The Thesis
RSI Snap-Back is built on a straightforward premise: the seven largest US tech names — AAPL, MSFT, NVDA, GOOGL, AMZN, META, and TSLA — tend to recover sharply after short-term selling exhaustion. The strategy enters when RSI drops below 35 (oversold) and exits when RSI climbs above 70 (overbought), rotating through a hard cap of four simultaneous positions. That book limit isn't an afterthought; it's a deliberate discipline mechanism that keeps drawdown exposure concentrated and manageable rather than spread thin across the full Mag-7 universe.
Backtest Performance
Over 451 trading days, the backtest produced a 20.95% total return on a $10,000 paper portfolio, finishing at $12,095. The CAGR of 11.21% is respectable for a rules-based system running on just seven names.
The Sharpe ratio of 0.61 is modest — not exceptional, but not alarming either. It reflects the core tension in mean-reversion strategies: you're often catching falling knives, and the ride can be bumpy before the snap-back materializes. The max drawdown of 23.73% confirms that tension. Entering RSI < 35 by definition means buying into weakness, and when weakness extends (think a sector-wide rotation or macro shock), the book can sit underwater for a meaningful stretch.
The win rate of 66.7% across 37 trades is the most encouraging number here. Two out of every three exits were profitable, which suggests the RSI signal has real edge in this universe — large-cap tech does tend to recover, and the exit discipline at RSI > 70 captures a solid portion of that recovery before momentum fades.
Turnover of 773% over the period underscores that this is an active rotational strategy, not a buy-and-hold wrapper. Total fees tallied to $37 (one dollar per trade), negligible at this scale but worth watching if position sizes grow.

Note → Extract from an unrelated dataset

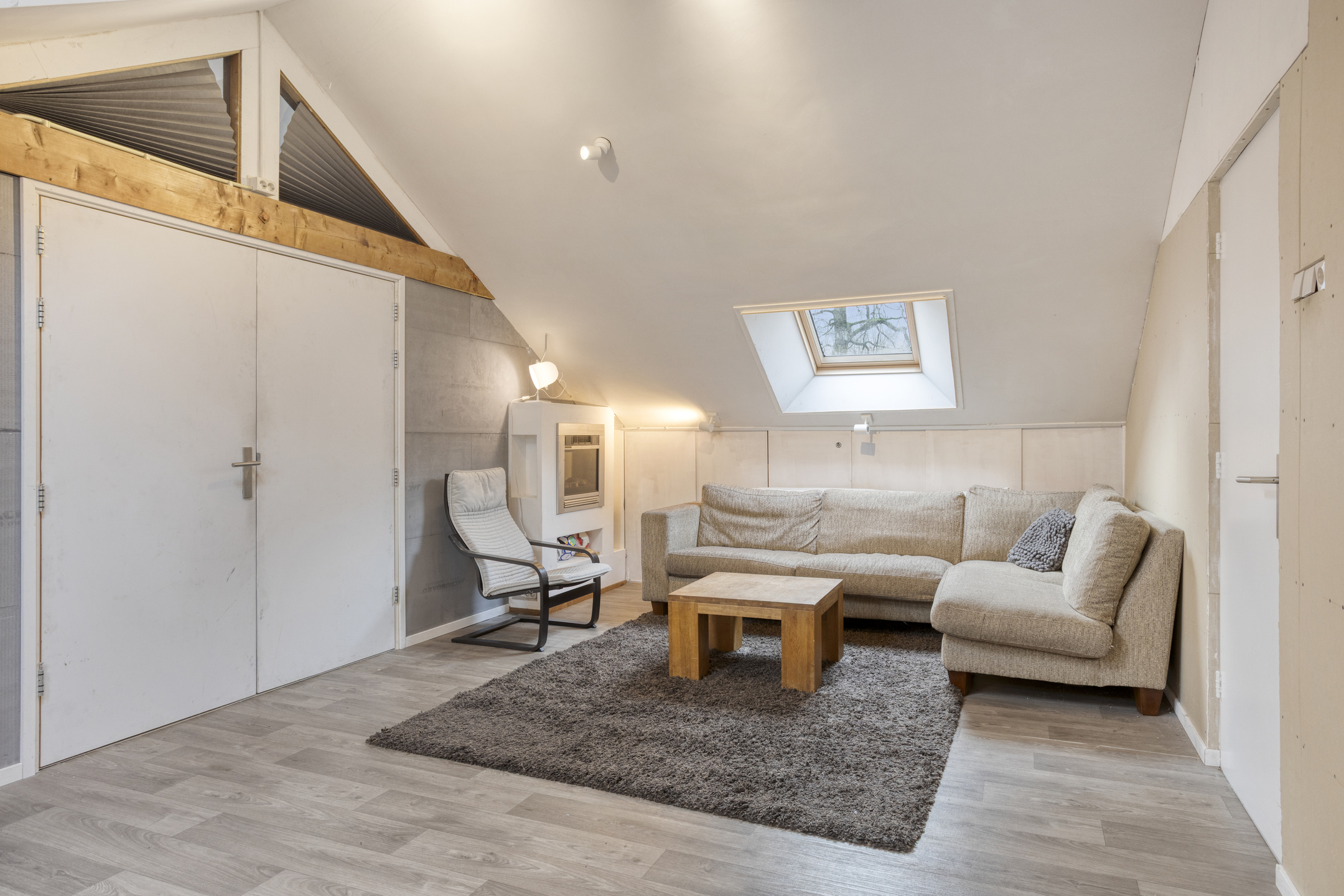 Eerste verdieping: bordes met toegang tot de vide die nu wordt gebruikt als atelier, de berging en de twee hele ruime kamers (30 m²). De berging is voorzien van een wastafel en daar zit tevens de CV-ketel. De ene kamer wordt nu gebruikt als slaapkamer en de ander als extra living. Dit kan uiteraard ook prima gebruikt worden als slaapkamer.
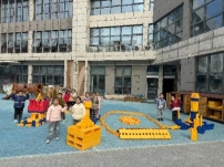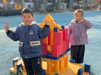 彩绘完成后,孩子们迫不及待地跑到自己搭建的梅龙湖建构作品旁,扬起带着彩绘的小脸,和作品合影打卡。一张张笑脸与积木搭建的“湖景”相映成趣,满是童真与欢乐。

Recent Activity: Patience in Practice
The last six scheduled runs — June 22 through June 29 — each logged zero executed trades and a flat $10,000 cash balance. This is not a malfunction. It is the strategy doing exactly what it's designed to do: refusing to force entries when none of the seven names have hit oversold territory.
In a market where Mag-7 names have broadly held elevated levels, RSI < 35 triggers simply haven't appeared. A strategy that sits on cash rather than chasing momentum is behaving correctly, even if the activity log looks quiet.
Strengths and Risks
Strengths:
- Clean, auditable signal logic with no ambiguity about entry/exit
- High win rate (66.7%) suggests genuine edge within this universe
- Four-slot book cap enforces position discipline automatically
- Willingness to hold cash is a feature, not a flaw
Risks:
- A 23.73% max drawdown is meaningful — drawdowns cluster when Mag-7 sells off in unison, exactly when RSI < 35 signals fire most aggressively
- No formal validation run yet (
validation: null); the backtest numbers are promising but untested against out-of-sample data - Universe concentration in seven highly correlated names limits diversification; a sector rotation against tech could hit all four book slots simultaneously
- High turnover (773%) may amplify slippage and fees at larger position sizes
Bottom Line
RSI Snap-Back is a disciplined, rules-based strategy with a credible thesis and encouraging historical numbers. The quiet recent stretch is a market condition, not a strategy problem. The clearest gap is the absence of a formal out-of-sample validation — that's the next milestone to watch before drawing stronger conclusions about live-trading readiness.